Show Abstract | Download Original | Original Source | Check in Google Scholar | DOI: 10.53696/27753719.61411

Abstract

This study presents a systematic evaluation of Google’s newly released model TranslateGemma-4B for English-Arabic machine translation using official United Nations parallel documents. Despite the recent proliferation of large language models claiming multilingual competence, empirical assessments of translation quality for morphologically rich languages which are languages that exhibit many grammatical cases and inflected word forms such as Arabic remain limited, particularly when evaluated against professionally approved institutional reference translations. We assessed TranslateGemma in a zero-shot configuration (i.e., the prompt used contained only the task objective and no examples or demonstrations) on 10,000 sentence pairs drawn from the UN English–Arabic Parallel Corpus. The model was executed on Google Colab due to computational requirements exceeding local hardware capacity. Translation outputs were evaluated using five complementary automatic metrics: BLEU (6.95), chrF++ (33.28), METEOR (20.90), BERTScore (74.21), and COMET (71.60). Additionally, we implemented diagnostic heuristics to detect omissions, hallucinations (i.e., inventing irrelevant texts), digit mismatches, and terminology inconsistencies.
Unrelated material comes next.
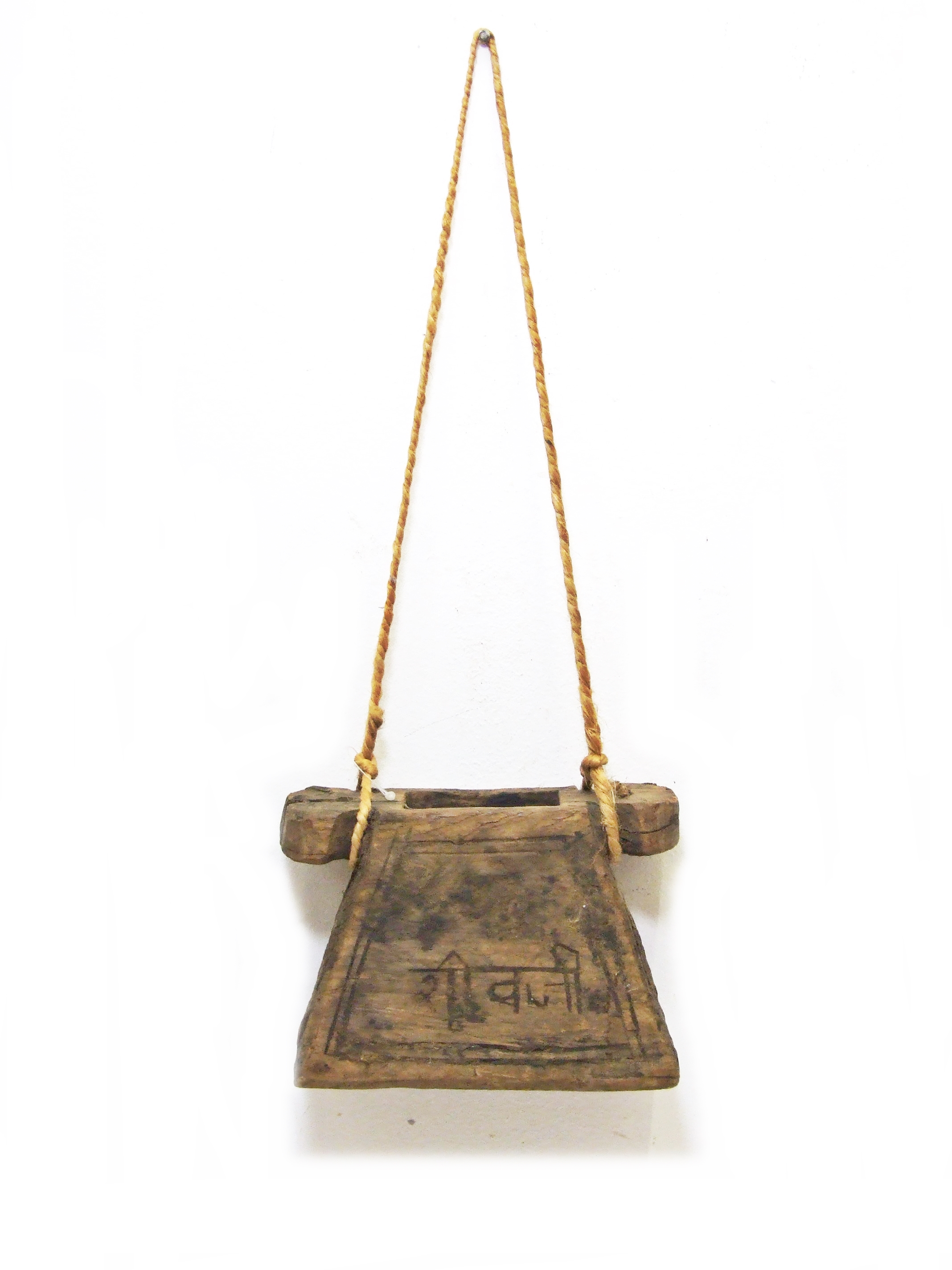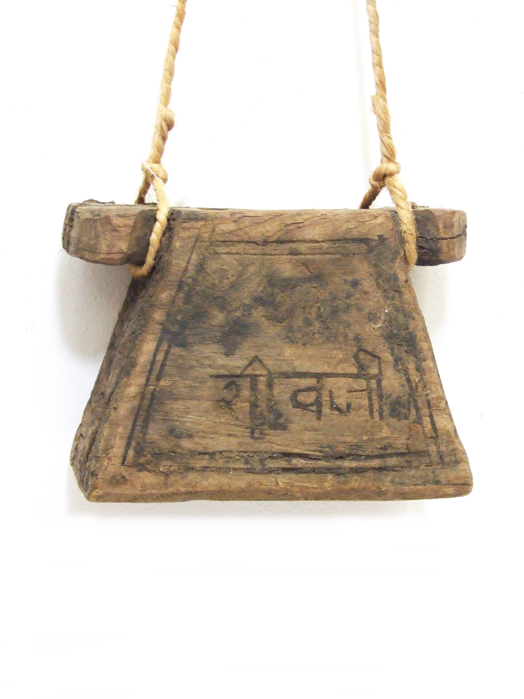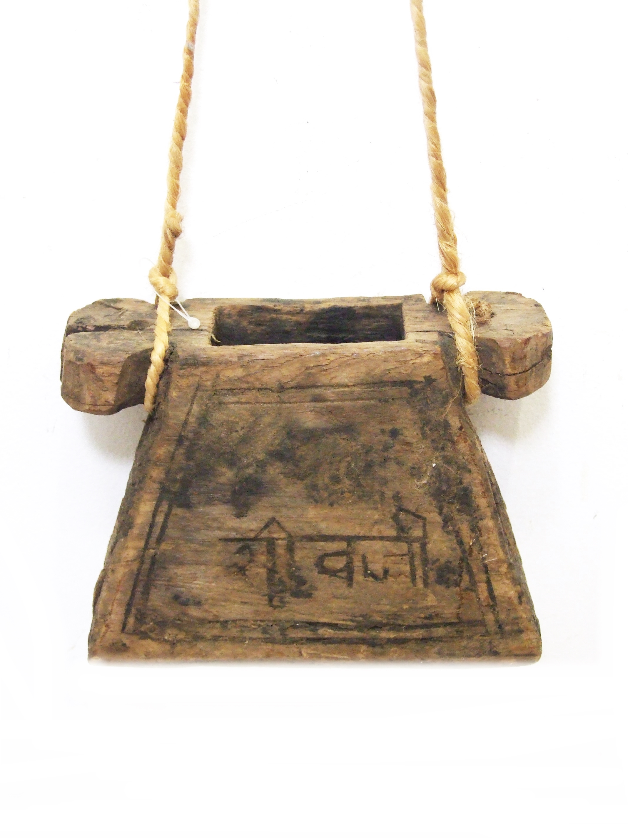 Dzwonek pasterski drewniany Vintage na sznurze 16x12cm

Results indicate that while TranslateGemma achieves moderate semantic similarity scores on neural metrics, it exhibits substantial deficiencies in surface-form accuracy and institutional terminology consistency. Sentence length ratio analysis revealed systematic under-translation patterns, with 16.86% of outputs flagged for potential omission. Digit mismatch errors affected 24.48% of the corpus, raising concerns for high-stakes translation contexts. Terminology consistency analysis using an expanded UN glossary indicated that 7.95% of sentences containing frozen institutional terms failed to preserve standard Arabic equivalents. These findings demonstrate that TranslateGemma, while showing promise in capturing broad semantic adequacy, requires significant refinement before deployment in institutional translation workflows where precision and terminological fidelity are paramount.